I have paid special attention to the plants in my garden that have survived.  While I have lost a number of plants, I have learned that next year I should plant more succulents like the always reliable sedums; more heat-tolerant annuals such as vinca, cosmos, cleome, and portulaca; and more drought-tolerant perennials like verbena, black-eyed Susan, yarrow, and coneflowers. Knockout roses have survived well.

Clare and I have also learned some important lessons about conserving water.

  • It is not wise or practical to leave a sprinkler running for several hours because too much water is lost due to evaporation.
  • We use plastic dishpans in our kitchen sink to conserve dishwater.  Hanging baskets, flowerpots, and flower boxes all get a daily drink of this recycled water.
  • Shorter showers are in order.  We use a three-gallon bucket placed under the faucet to collect water while it reaches to the right temperature.  Trees and shrubs that must be watered deeply love this recycled water.
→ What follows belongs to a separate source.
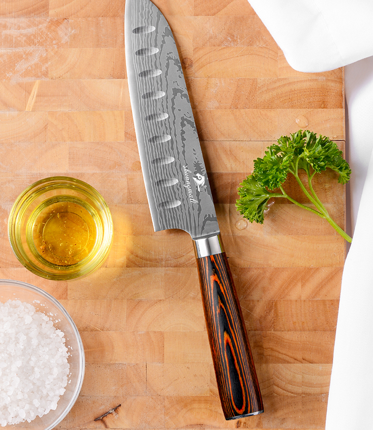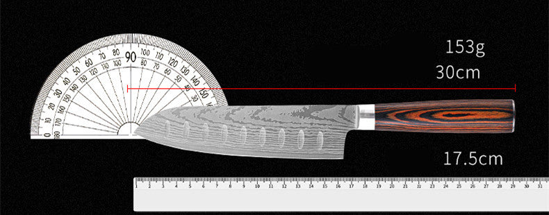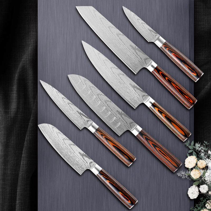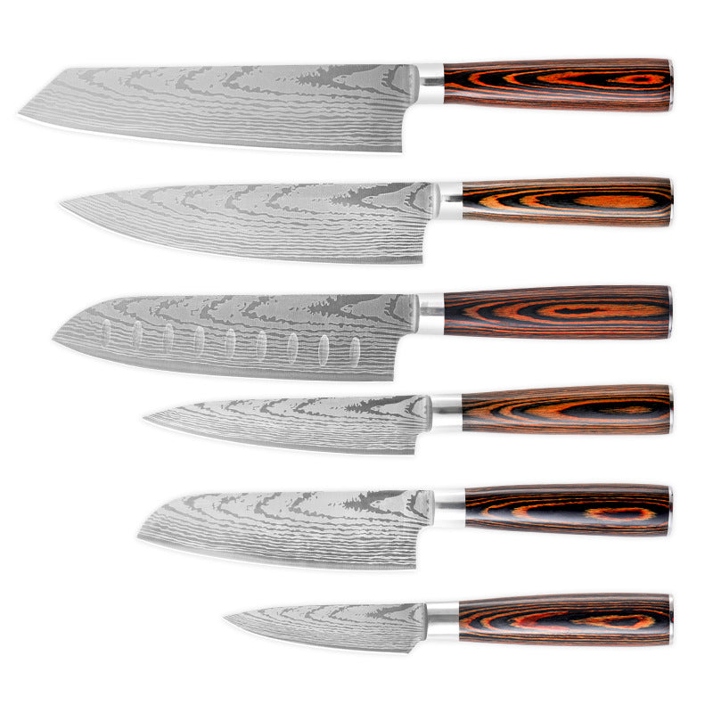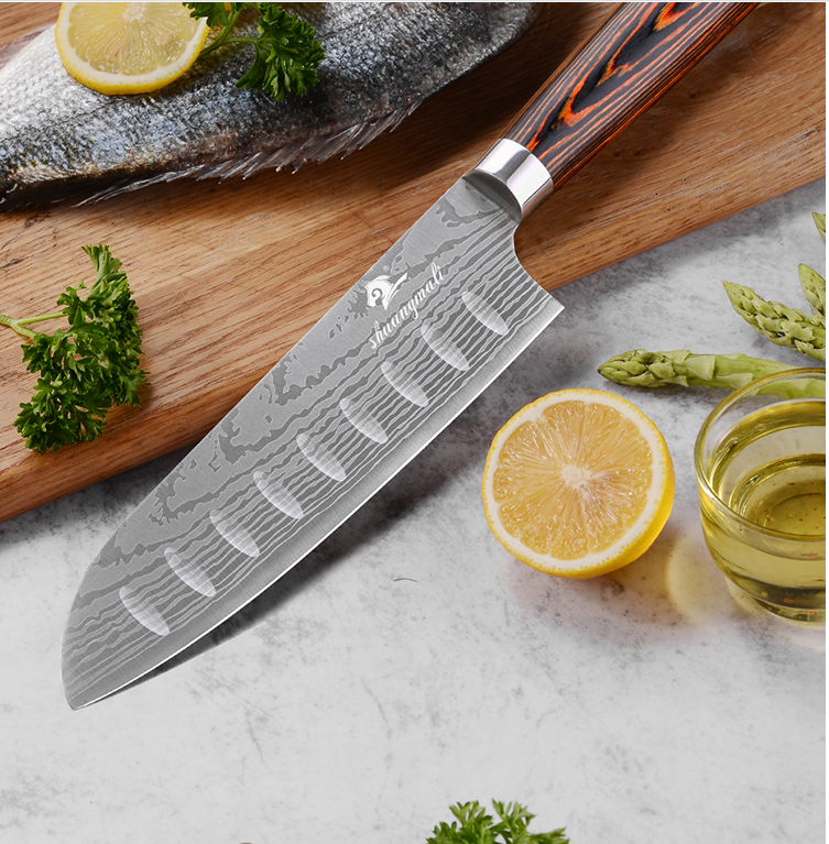 8 Inch Kitchen Knife Imitation Damascus Big Wavy Color Wood Handle 7Cr17 Stainless Steel Knife

We’ve learned from necessity the lessons that Miss Maude and Creech demonstrated so beautifully on their farm long ago.

While public officials guide us in measures to conserve water that are in the best interest of us all, we as individuals and families have responsibilities, too. Coping with the drought requires that we all protect this resource.

We need to pray for the folks so severely affected by drought.  Let’s also pray for rain!